The Fourth Amendment to the United States Constitution and Article  I, Section 11 of the Wisconsin Constitution prohibit unreasonable searches and seizures.[3]  State v. Drogsvold, 104 Wis.2d 247, 264, 311 N.W.2d 243, 251 (Ct. App. 1981).  “A search implies a prying into hidden places for that which is concealed.”  Edwards v. State, 38 Wis.2d 332, 338, 156 N.W.2d 397, 401 (1968) (citation omitted).  As the defendant correctly notes, warrantless searches are presumptively unreasonable, and evidence seized without a warrant may be inadmissible at trial.  Welsh v. Wisconsin, 466 U.S. 740, 749-50 (1984).  A handful of exceptions have been “jealously and carefully drawn,” however, to balance the interests of the individual with those of the State.  State v. Gonzalez, 147 Wis.2d 165, 168, 432 N.W.2d 651, 652 (Ct. App. 1988) (citation omitted).

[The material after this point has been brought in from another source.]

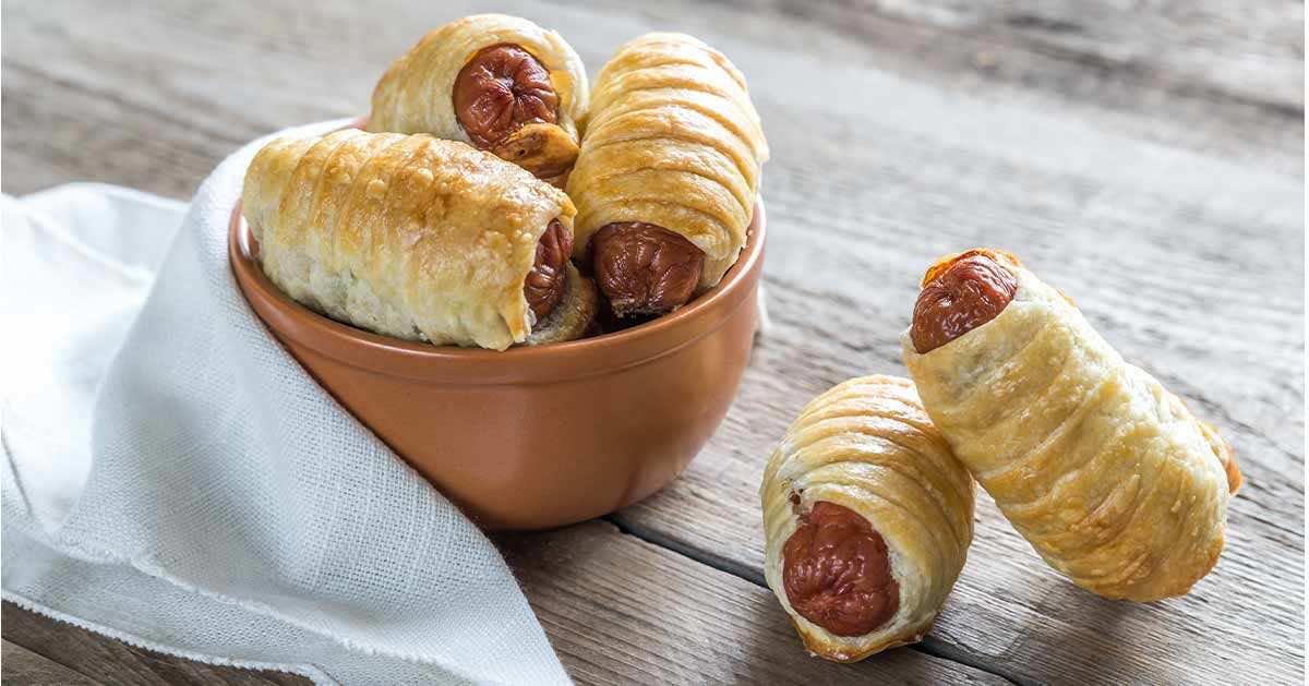 Mega szybka przekąska na imprezę – kiełbaski w cieście francuskim. Przygotowanie jest bardzo proste i szybkie bo jedyne czego potrzebujemy to trzy składniki.

One such exception applies to automobiles, where the expectation of privacy is considerably lower than in a home or office.  State v. Weber, 163 Wis.2d 116, 138, 471 N.W.2d 187, 196 (1991).  A police officer may reasonably search an automobile located in a public place whenever there is “probable cause to believe the vehicle contain[s] contraband or evidence of a committed crime.”  State v. Tompkins, 144 Wis.2d 116, 137, 423 N.W.2d 823, 832 (1988).  The test for a court to apply is “whether the circumstances would warrant a person of reasonable caution to hold the same belief.”  Id.

Dumas concedes that the police had reasonable suspicion sufficient to justify an investigatory stop under Terry v. Ohio, 392 U.S. 1 (1968) and § 968.24, Stats.  He contends that Kreitzman exceeded the lawful scope of the stop, however, when he reached into the car to examine the backpack.  We disagree. 

We first note that the facts found by the circuit court were supported by the hearing testimony and are not clearly erroneous.  We will not disturb them.  We turn, then, to consider the constitutionality of the officer’s actions.  A person of reasonable caution, having personally observed Dumas participate in suspected drug activity in the past, having learned from a citizen informant that Dumas was selling cocaine out of his car that day, and having seen a plastic bag of the type typically used to package drugs in the car, would reasonably believe that there was contraband in the car.  The defendant argues that none of these facts alone would be sufficient to support probable cause.  However, it is the totality of the circumstances within the officer’s knowledge which determines the reasonableness of a search.  Richardson, 156 Wis.2d at 139, 456 N.W.2d at 834.

Because the officers had probable cause to look into the backpack for contraband, the weapons they discovered were properly considered in their determination that they had probable cause to arrest the defendant, and the cocaine they later discovered on his person was pursuant to a valid search incident to arrest.  The suppression motion was properly denied.

By the Court.—Judgment affirmed.

This opinion will not be published.  See Rule 809.23(1)(b)5., Stats.

 


 



[1]  Section 971.31(10), Stats., permits review of suppression motions notwithstanding a defendant’s plea of guilty.

[2]  AT&T had provided law enforcement officers throughout the community with cellular phones to facilitate citizen contact with police.

[3]  Due to the similarity of these provisions, Wisconsin courts look to the Supreme Court’s interpretation of the Fourth Amendment for guidance in construing the state constitution.  State v. Roberts, 196 Wis.2d 445, 452-53, 538 N.W.2d 825, 828 (Ct. App. 1995).